---------- DATASET

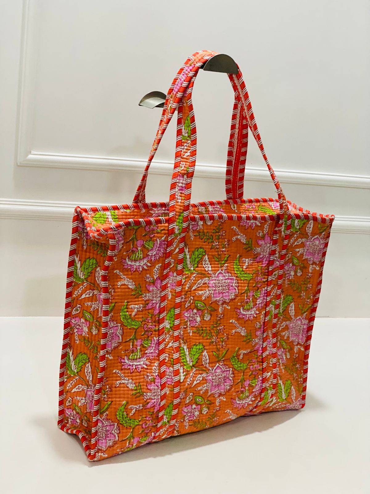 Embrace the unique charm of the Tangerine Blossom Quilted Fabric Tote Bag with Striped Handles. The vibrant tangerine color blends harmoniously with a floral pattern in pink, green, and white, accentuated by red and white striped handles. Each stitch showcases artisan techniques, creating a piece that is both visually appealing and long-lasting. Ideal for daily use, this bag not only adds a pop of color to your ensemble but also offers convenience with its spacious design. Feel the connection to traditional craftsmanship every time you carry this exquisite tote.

--------------------
---------- DATASET

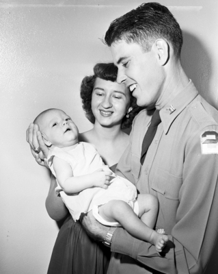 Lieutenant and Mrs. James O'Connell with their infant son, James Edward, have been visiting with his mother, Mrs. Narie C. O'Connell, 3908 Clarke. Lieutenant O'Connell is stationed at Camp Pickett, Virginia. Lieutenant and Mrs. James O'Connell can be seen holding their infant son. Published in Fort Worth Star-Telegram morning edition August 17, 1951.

--------------------
---------- DATASET

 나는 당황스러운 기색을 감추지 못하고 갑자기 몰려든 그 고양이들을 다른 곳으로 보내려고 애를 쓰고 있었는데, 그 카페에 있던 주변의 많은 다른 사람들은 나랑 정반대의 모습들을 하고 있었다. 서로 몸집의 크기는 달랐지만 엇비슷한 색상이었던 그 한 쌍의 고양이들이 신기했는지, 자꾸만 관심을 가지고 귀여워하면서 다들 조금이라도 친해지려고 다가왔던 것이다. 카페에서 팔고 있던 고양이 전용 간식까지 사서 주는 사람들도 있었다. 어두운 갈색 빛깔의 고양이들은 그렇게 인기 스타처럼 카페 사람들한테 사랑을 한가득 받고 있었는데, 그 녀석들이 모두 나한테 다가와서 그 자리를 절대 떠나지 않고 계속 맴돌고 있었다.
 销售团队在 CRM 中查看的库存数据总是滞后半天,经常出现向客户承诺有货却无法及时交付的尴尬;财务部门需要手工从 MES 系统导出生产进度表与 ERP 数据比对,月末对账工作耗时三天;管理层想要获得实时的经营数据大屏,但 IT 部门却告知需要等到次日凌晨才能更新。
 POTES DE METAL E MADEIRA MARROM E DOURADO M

--------------------

[YOUR INSTRUCTIONS]:
The response must hold only the lines above from the line with "나는 당황스러운 기색을" through the line with "POTES DE METAL E MADEIRA MARROM E DOURADO M", each copied exactly, both ends kept.

[REPLY]:
 나는 당황스러운 기색을 감추지 못하고 갑자기 몰려든 그 고양이들을 다른 곳으로 보내려고 애를 쓰고 있었는데, 그 카페에 있던 주변의 많은 다른 사람들은 나랑 정반대의 모습들을 하고 있었다. 서로 몸집의 크기는 달랐지만 엇비슷한 색상이었던 그 한 쌍의 고양이들이 신기했는지, 자꾸만 관심을 가지고 귀여워하면서 다들 조금이라도 친해지려고 다가왔던 것이다. 카페에서 팔고 있던 고양이 전용 간식까지 사서 주는 사람들도 있었다. 어두운 갈색 빛깔의 고양이들은 그렇게 인기 스타처럼 카페 사람들한테 사랑을 한가득 받고 있었는데, 그 녀석들이 모두 나한테 다가와서 그 자리를 절대 떠나지 않고 계속 맴돌고 있었다.
 销售团队在 CRM 中查看的库存数据总是滞后半天,经常出现向客户承诺有货却无法及时交付的尴尬;财务部门需要手工从 MES 系统导出生产进度表与 ERP 数据比对,月末对账工作耗时三天;管理层想要获得实时的经营数据大屏,但 IT 部门却告知需要等到次日凌晨才能更新。
 POTES DE METAL E MADEIRA MARROM E DOURADO M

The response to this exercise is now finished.